Researchers in the US have unveiled a new high-temperature material that is 60% better at converting heat to electricity than comparable “thermoelectrics”. The material, which is a nanocomposite, is stable up to temperatures as high as 700 °C. It could therefore potentially be used to boost the fuel efficiency of cars by recovering energy from the vehicle’s exhaust heat.
As materials that can convert heat directly into electricity, thermoelectrics sound highly promising to reduce global energy consumption. In addition to possibly finding their way into cars, they could also be used to recover useful energy from waste heat from nuclear reactors. Other applications including improving the effectiveness of solar cells and cooling computer chips and other electronic devices.
To be of practical use, however, a thermoelectric material must be good at conducting electricity but poor at conducting heat. It must also have a large thermopower, which is the ratio of the voltage to temperature difference across a material to its temperature difference. These three requirements are expressed in the thermoelectric figure of merit ZT. Any practical material must also operate at the appropriate ambient temperature, which in the case of vehicle exhausts can be hundreds of degrees.
Go with the grain
One promising group of thermoelectric materials are the “half-Heuslers”, which are robust alloys of several metallic elements. They do suffer, however, from having relatively high thermal conductivities. One way of reducing their conductivity is to squish together a fine powder of the material to form a nanocomposite containing many tiny grains. Heat has a hard time travelling across the boundaries between grains, thereby reducing the overall thermal conduction of the nanocomposite.
Now, Xiao Yan and colleagues at Boston College, MIT, the University of Virginia and Clemson University have used this technique on an extremely fine powder, producing a nanocomposite with the best ZT yet for a half-Heusler. The team began with a cast ingot of the half-Heusler Zr0.5Hf0.5CoSb0.8Sn0.2, which was then crushed to make a powder with a particle size between 5 and 10 nm. Heat and pressure were then applied to press the powder into millimetre-sized bars and discs. This was done very carefully to try to minimize the number of nanoparticles that fuse together to create much larger grains in the finished product.

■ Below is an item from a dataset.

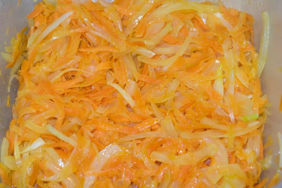 Затем достали, перемешали и продолжили приготовление в течение еще двух минут на максимальной мощности. Перемешали и отложили половину приготовленных овощей в отдельную миску.

The resulting solid had an average grain size of 100–200 nm. While this was larger than the original powder, it was about one-tenth the grain size of previous attempts at making similar materials. By measuring the thermopower of the nanocomposite along with its electrical and thermal conductivities, the team found that it had a ZT of 0.8 at temperatures of 700 °C, which is about 60% higher than the best previous value for a half-Heusler thermoelectric.
Off the gas
One reason for the high ZT was that the thermal conductivity was about 30% less than the cast ingot from which it was made. The ZT value was also boosted by a small increase in the thermopower of the nanocomposite compared to the cast ingot. Both these effects more than compensated for the small measured drop in the electrical conductivity of the material, which – all other things being equal – would have reduced the ZT.
Yan told physicsworld.com that the increased thermopower is probably caused by the preferential scattering of lower-energy charge carriers at grain boundaries, which increases the mean carrier energy in the material.
While other thermoelectric materials have ZT values greater than 1.0, these tend to operate a lower temperatures than the half-Heuslers. Other advantages of the material, according to Yan are that it has excellent thermal stability and good mechanical strength and is non-toxic and inexpensive. That could be good news for drivers. “Assuming a ZT of 0.8, gas mileage could be improved by 10%,” Yan reckons. He also believes that half-Heuslers thermoelectrics could also be used to generate electricity from heat from the Sun.
Akram Boukai of the University of Michigan in the US agrees that half-Heuslers are good candidates for vehicle-exhaust applications. “Half-Heusler materials have great potential for power generation since you can tune their electronic and thermal properties at will,” he says. Boukai, who was not involved in this latest work, adds that Yan’s research “achieves a remarkable improvement in efficiency by nanostructuring the bulk material”.
As well as optimizing the chemical composition of the half-Heusler, the team is looking at how to reduce the grain size of the pressed material. “Even lower thermal conductivity and higher ZT could be expected if grain size could be kept below 100 nm during pressing,” explained Yan.